The NRL brags about its toughness and the hard men of the game. Former Mungos call for the return of on field fighting and many of its mindless fans agree. Gallen gets a ban for a week or so for an assault that would see him before a magistrate if it occurred off field and players involved in brawls at the elite level regularly get the same. But the youngsters who copied their heroes get life bans. Gallen wasn't sent from the field for either offence.

Rugby League: The stupid running at the stupid in front of the stupider.

Monday, 26 August 2013

Line crossing

David Blair of the UK Telegraph says that by crossing Obama’s red line, Assad has forced the United States to act in Syria. But isn’t the correct interpretation that Assad’s crossing of Obama’s red line has forced Obama to act (or lose what little credibility he has left)?

This doesn't sit well.
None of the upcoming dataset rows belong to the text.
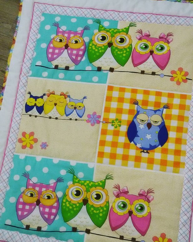 Покрывало и три подушки. Подойдет как мальчику, так и девочке. Размер покрывала 118*90, подушки 40*40. Это работа моей мамы)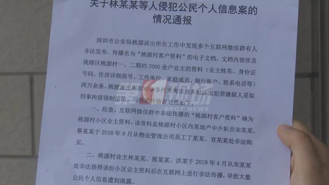 近日,深圳桃源村7千業(yè)主個(gè)人信息遭泄露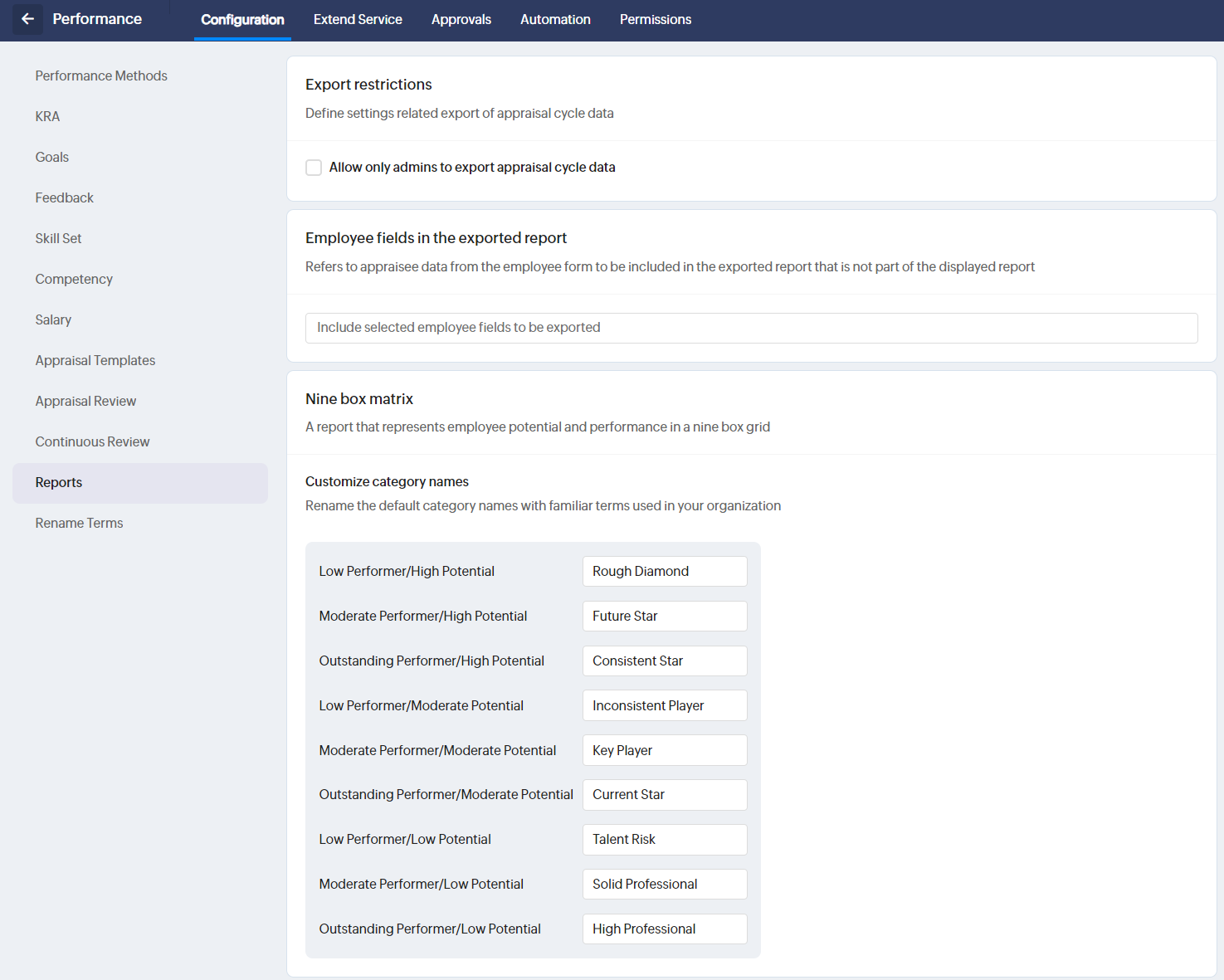 この画面では、評価プロセスのデータをエクスポートする権限を管理者のみに付与したり、エクスポートするレポートに含まれる項目を設定したり、[3×3マトリクス表]に入れるカテゴリー名をカスタマイズしたりすることができます。

Using the language and actions of school yard dares seems a strange basis for a foreign policy.

Monday, 5 August 2013

The honourable member’s member

An image of a member’s member (in a glass of wine) is sent to his lover. When the loving is gone Peter Dowling’s transmission of the image (though, mercifully, not the image) is shared with the world.

Gliberty has heartlessly suggested that she who consents to the making of a sex tape deserves the embarrassment caused by release. So too with Anthony’s weiner and Peter’s dowel. But if you don’t want to be embarrassed, don’t send a pic of your dick.

On a kinder note, Peter Dowling has a face a dog wouldn’t lick. Gliberty likes to imagine that when the public humiliation is over and he’s sitting alone in his serviced apartment looking through the employment pages, he might allow himself to be warmed by the memory of all the action he got.

Hell, he may even decide to celebrate by dunking his balls in a decent brandy.